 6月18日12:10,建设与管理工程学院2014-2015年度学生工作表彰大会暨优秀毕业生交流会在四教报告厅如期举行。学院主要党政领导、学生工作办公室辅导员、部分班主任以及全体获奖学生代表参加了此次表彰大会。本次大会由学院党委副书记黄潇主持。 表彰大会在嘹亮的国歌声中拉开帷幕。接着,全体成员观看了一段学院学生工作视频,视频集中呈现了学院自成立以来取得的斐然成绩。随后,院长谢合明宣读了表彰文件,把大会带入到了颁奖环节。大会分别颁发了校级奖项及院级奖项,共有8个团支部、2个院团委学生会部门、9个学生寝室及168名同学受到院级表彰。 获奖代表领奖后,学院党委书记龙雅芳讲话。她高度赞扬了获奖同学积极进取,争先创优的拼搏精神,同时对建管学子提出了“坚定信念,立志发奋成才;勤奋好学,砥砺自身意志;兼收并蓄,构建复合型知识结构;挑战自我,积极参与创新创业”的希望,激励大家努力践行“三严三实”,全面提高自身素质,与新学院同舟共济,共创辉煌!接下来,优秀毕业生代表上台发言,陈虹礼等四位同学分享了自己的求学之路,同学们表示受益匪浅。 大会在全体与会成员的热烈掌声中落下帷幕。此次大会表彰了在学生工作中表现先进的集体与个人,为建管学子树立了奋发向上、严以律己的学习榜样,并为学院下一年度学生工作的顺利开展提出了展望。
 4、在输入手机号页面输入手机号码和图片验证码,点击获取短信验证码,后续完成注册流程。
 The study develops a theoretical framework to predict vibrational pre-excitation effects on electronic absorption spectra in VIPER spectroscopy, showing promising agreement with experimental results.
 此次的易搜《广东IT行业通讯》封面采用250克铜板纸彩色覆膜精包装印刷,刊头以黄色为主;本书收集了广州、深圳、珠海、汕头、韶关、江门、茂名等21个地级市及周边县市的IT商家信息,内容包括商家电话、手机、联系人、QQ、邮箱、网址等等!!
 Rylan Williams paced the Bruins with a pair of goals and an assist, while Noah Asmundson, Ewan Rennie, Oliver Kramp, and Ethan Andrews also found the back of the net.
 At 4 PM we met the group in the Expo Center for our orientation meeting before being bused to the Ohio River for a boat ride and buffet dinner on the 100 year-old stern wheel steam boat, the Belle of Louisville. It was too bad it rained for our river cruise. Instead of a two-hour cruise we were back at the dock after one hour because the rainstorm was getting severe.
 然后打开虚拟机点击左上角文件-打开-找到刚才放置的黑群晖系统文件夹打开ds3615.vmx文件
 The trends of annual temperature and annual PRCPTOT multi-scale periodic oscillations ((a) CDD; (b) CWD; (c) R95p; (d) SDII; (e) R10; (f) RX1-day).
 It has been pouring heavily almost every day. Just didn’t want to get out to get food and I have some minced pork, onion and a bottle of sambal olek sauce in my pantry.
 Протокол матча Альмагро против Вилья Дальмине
____________________
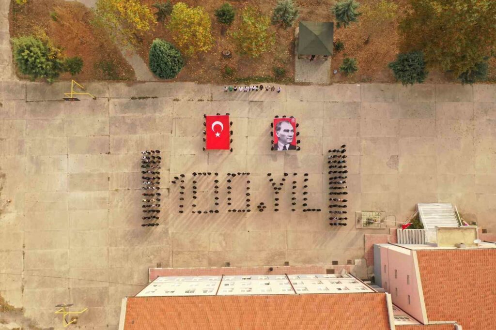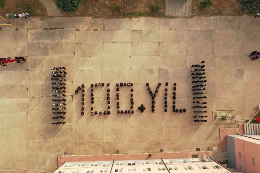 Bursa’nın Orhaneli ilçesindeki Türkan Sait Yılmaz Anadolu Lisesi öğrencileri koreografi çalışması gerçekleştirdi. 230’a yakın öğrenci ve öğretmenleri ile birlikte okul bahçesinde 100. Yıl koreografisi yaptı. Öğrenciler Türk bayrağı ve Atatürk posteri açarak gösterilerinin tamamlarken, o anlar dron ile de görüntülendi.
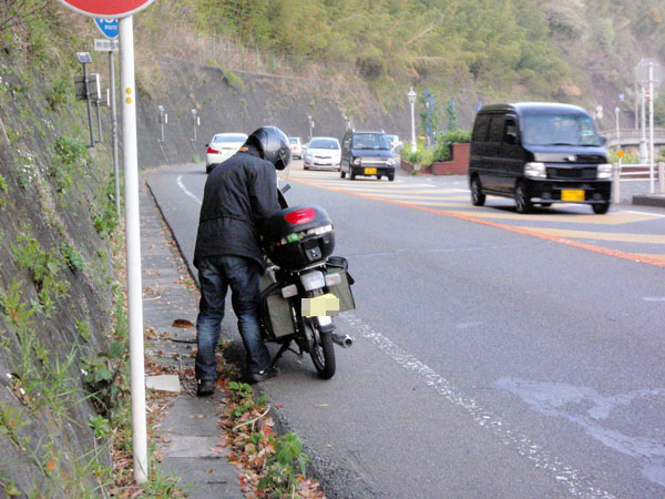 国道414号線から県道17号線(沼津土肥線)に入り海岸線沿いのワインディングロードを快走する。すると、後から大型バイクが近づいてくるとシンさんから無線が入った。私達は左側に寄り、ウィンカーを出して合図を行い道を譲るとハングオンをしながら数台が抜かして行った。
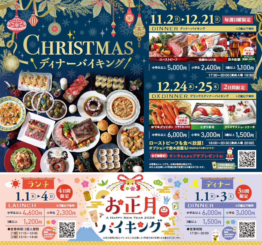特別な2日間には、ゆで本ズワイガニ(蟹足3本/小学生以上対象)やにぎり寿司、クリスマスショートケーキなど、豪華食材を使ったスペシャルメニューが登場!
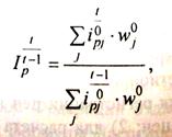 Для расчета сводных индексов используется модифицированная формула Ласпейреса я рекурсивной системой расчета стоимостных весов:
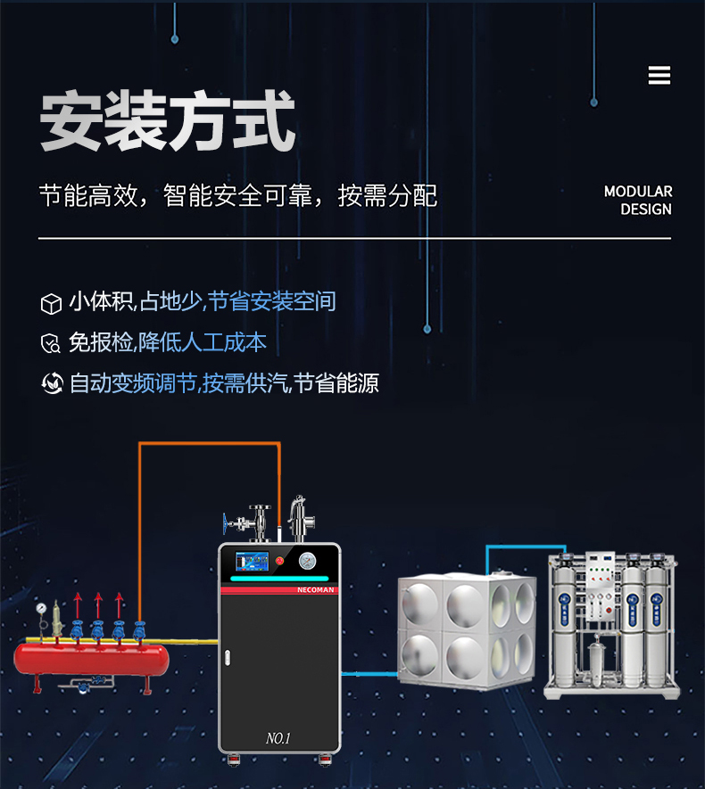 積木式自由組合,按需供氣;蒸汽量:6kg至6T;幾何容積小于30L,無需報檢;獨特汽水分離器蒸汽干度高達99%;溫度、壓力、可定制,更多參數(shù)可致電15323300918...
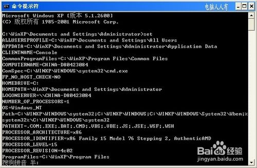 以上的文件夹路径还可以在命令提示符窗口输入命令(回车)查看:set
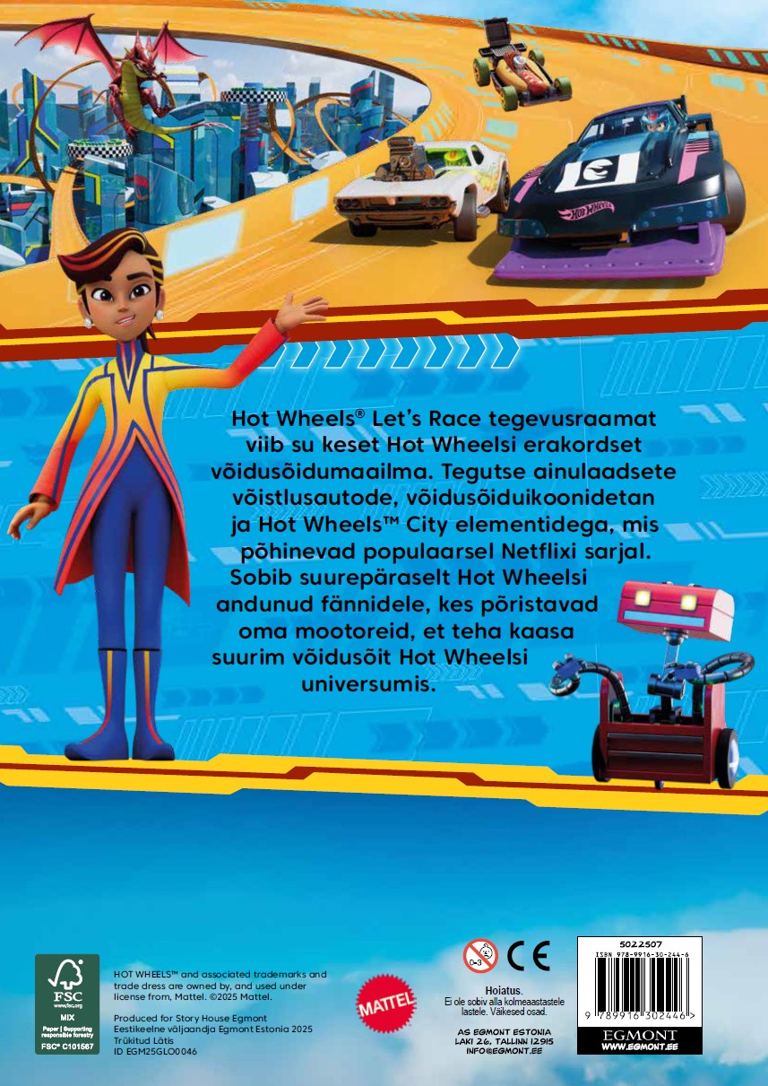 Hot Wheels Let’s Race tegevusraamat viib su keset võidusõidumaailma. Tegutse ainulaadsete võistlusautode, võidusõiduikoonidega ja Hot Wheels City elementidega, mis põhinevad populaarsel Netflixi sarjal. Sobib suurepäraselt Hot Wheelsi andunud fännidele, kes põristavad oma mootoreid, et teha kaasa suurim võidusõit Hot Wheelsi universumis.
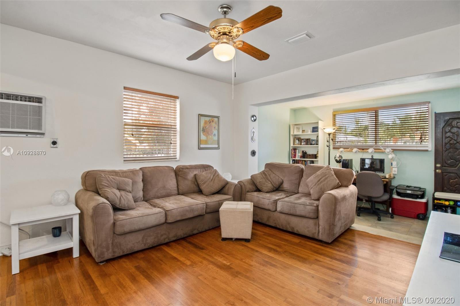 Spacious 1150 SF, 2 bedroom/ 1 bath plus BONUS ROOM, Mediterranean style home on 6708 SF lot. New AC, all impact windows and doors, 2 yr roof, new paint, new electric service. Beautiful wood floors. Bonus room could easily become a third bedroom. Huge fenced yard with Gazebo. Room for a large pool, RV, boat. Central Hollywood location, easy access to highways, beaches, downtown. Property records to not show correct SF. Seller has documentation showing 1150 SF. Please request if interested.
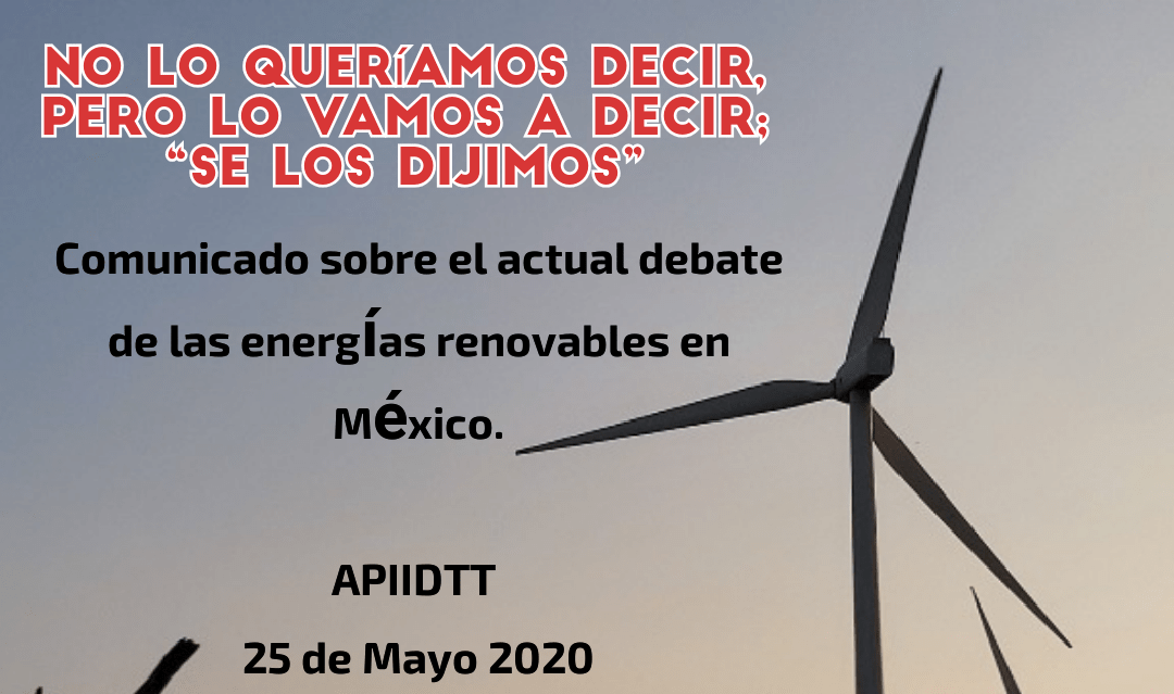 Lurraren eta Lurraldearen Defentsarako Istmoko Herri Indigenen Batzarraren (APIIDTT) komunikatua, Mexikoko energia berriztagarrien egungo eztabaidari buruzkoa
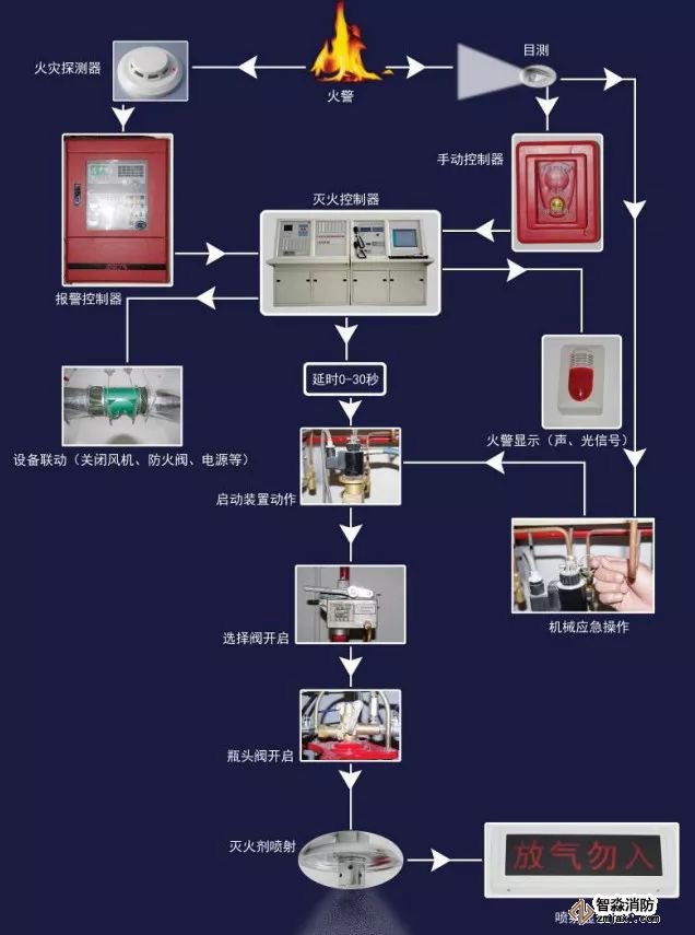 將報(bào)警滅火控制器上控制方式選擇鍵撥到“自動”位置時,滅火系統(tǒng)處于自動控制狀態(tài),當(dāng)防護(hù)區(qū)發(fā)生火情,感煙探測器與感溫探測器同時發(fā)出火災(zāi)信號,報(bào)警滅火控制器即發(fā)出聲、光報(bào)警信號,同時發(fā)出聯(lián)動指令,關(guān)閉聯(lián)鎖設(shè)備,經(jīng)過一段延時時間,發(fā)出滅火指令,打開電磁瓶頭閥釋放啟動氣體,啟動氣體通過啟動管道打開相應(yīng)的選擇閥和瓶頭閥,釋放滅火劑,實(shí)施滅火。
____________________
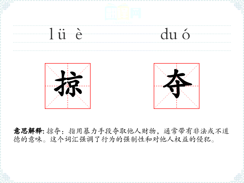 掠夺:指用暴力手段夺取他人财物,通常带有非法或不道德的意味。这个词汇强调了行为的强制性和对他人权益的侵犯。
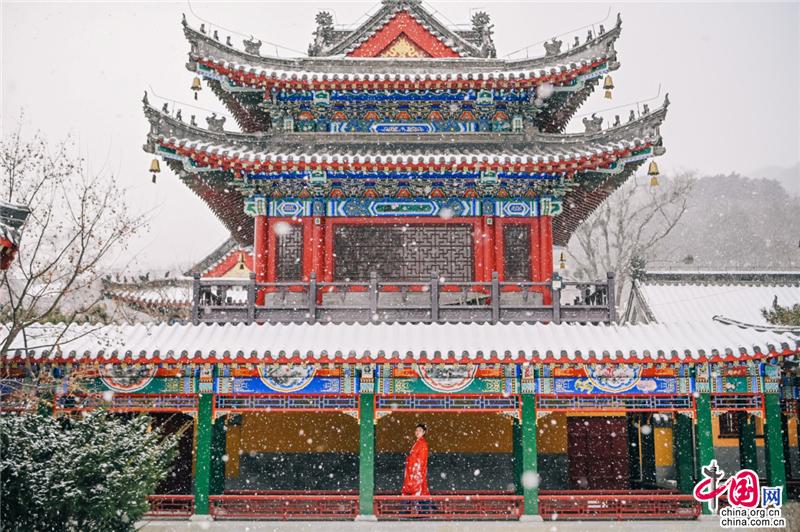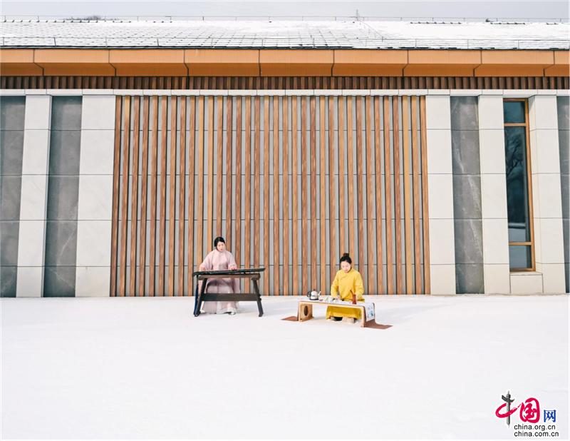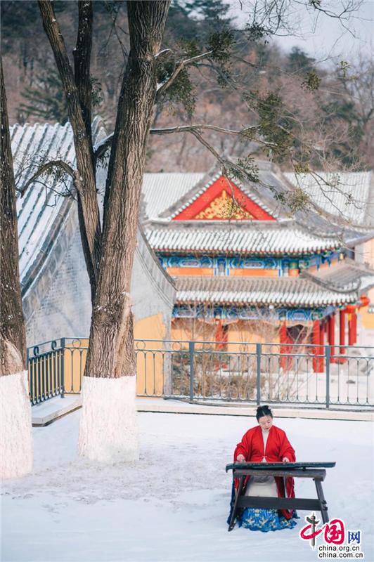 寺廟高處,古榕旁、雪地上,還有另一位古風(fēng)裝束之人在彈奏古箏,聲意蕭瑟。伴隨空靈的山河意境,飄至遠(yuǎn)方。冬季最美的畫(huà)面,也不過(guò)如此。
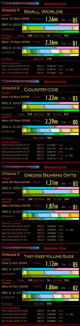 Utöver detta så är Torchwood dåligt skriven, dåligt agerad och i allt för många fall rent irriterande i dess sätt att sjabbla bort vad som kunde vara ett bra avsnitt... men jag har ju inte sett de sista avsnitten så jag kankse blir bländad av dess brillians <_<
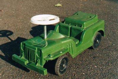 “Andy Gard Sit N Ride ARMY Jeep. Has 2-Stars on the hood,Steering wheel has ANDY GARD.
____________________
__Activity__
Send back exactly the lines of the listing above starting at the one with "It has been" and ending at the one with "Протокол матча Альмагро", inclusive, and no others.

__Written reply__
 It has been pouring heavily almost every day. Just didn’t want to get out to get food and I have some minced pork, onion and a bottle of sambal olek sauce in my pantry.
 Протокол матча Альмагро против Вилья Дальмине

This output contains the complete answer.